Marsup opened this issue Aug 11, 2018 · 22 comments
Assignees
Milestone

Comments

@Marsup
Copy link
Contributor

Marsup commented Aug 11, 2018

Hi!

While doing a change on joi to default on minDomainAtoms=2, I noticed a weird thing in the unit tests.

Apparently joe@[IPv6:2a00:1450:4001:c02::1b] is not valid with that option. So I thought it could make sense, or at least it's not a hugely common use case to have an IP as domain, but then I noticed joe@127.0.0.1 is valid under the same conditions. So are joe@127.0.0 and joe@127.0, since they're not a full IPv4 nor a valid domain, I don't think they should validate.

I'm not sure what to make of this. Would you consider it a bug ?

@skeggse skeggse self-assigned this Aug 11, 2018
@skeggse
Copy link
Owner

skeggse commented Aug 11, 2018

Oh, those are some cool edge-cases!

I think there are a few different things going on here.

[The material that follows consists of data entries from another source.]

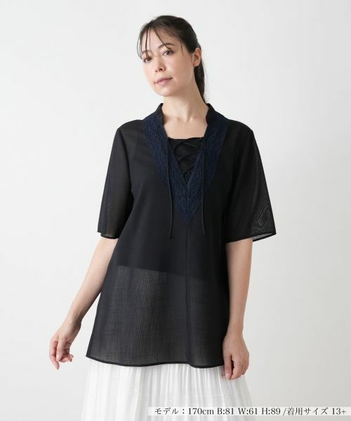 アンティーク調の繊細なレース使いがポイントになった、軽やかな素材感のチュニックブラウス。ネックラインに沿ってあしらわれたV字のレースとリボンが顔まわりを華やかに演出します。落ち感のある素材とゆったりとしたシルエットで身体のラインを拾いにくく、ヒップをナチュラルにカバーするような丈感はパンツにもスカートにも好相性。一枚で着映える、女性らしさと抜け感を兼ね備えたアイテムです。
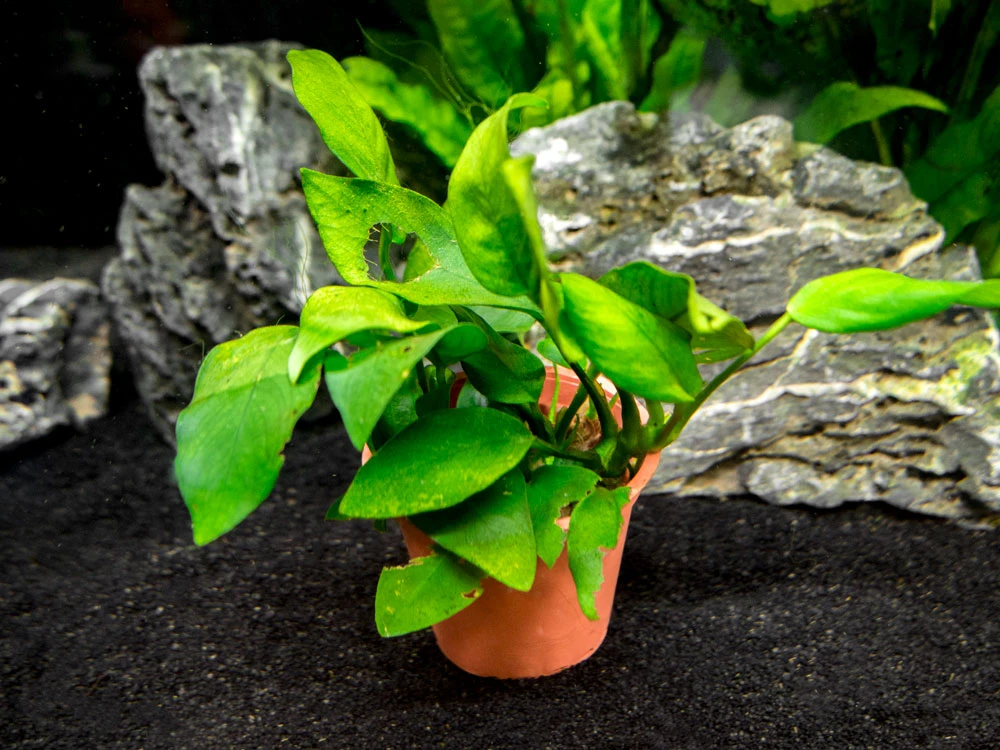 Care for Anubias is relatively easy. It is best placed in the middle ground and will look its best under low to moderate lighting (with the exception of variegated anubias which perfers higher lighting). Excessive lighting may result in unattractive, pesky algae growth on its leaves. However, this algae growth can easily be kept under control in an aquarium with a healthy population of shrimp (especially Amano shrimp) that will constantly graze on the algae without harming the Anubias plant itself. Most herbivorous animals will not harm Anubias whatsoever, although some bio-fim/”wood-eating” Panaque genus plecos may “chew” holes in its leaves. Anubias species has slow and steady in growth and does not seem to respond significantly to CO2 supplementation. It does best when attached to driftwood or rockwork. It can be planted in the substrate but its rhizome (roots) must not be buried in the substrate or it will rot and recede. It can also be planted emersed in terrariums, paludariums, and viquariums.
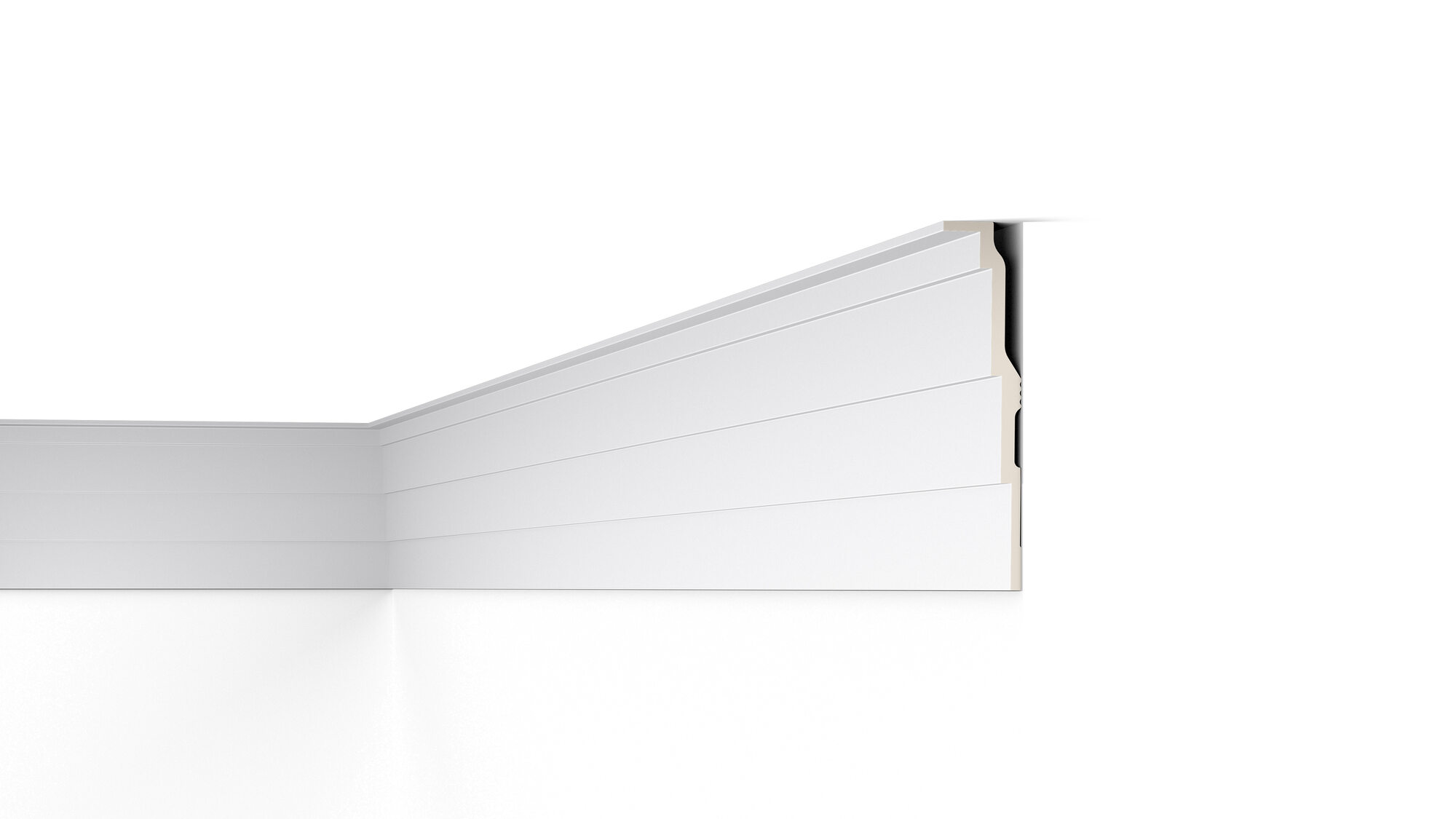 Nowoczesna, dekoracyjna listwa przysufitowa wykonana z wysokiej jakości materiału pozwoli dodać elegancji i charakteru zarówno klasycznym jak i nowoczesnym wnętrzom. Wykonana z dbałością o szczegóły, niezwykle łatwa w montażu pomoże ukryć drobne niedoskonałości na styku ścian i sufitu. Listwa sprawdzi się również doskonale jako maskownica karnisza.

The original DNS RFC specified that domains could use [0-9A-Za-z-], with more specific provisions requiring that the hyphens not fall at the ends of labels, and numbers be forbidden at the start of labels. Since then, domain names RFC 1123 relaxed the definition of a domain name to permit labels that start with a number. This introduces some ambiguity, so we include a warning when the top-level domain provided starts with a number: rfc5321TLDNumeric. Per #162/#4, it's not really easy to work with those warnings, though.

Anyway, the examples joe@127.0.0.1, joe@127.0.0 and joe@127.0 work because isemail is treating them as domain names and not IP addresses, and it correctly rejects joe@[127.0.0] and joe@[127.0], while providing the rfc5321AddressLiteral warning for joe@[127.0.0.1].

Ideally we wouldn't even have minDomainAtoms, but I understand the desire to weed out a category of false-positives. A "real" application using isemail would want to also run a DNS check to determine whether the server is actually reachable, and that would give them whatever assurance they need that wow@png isn't a valid domain.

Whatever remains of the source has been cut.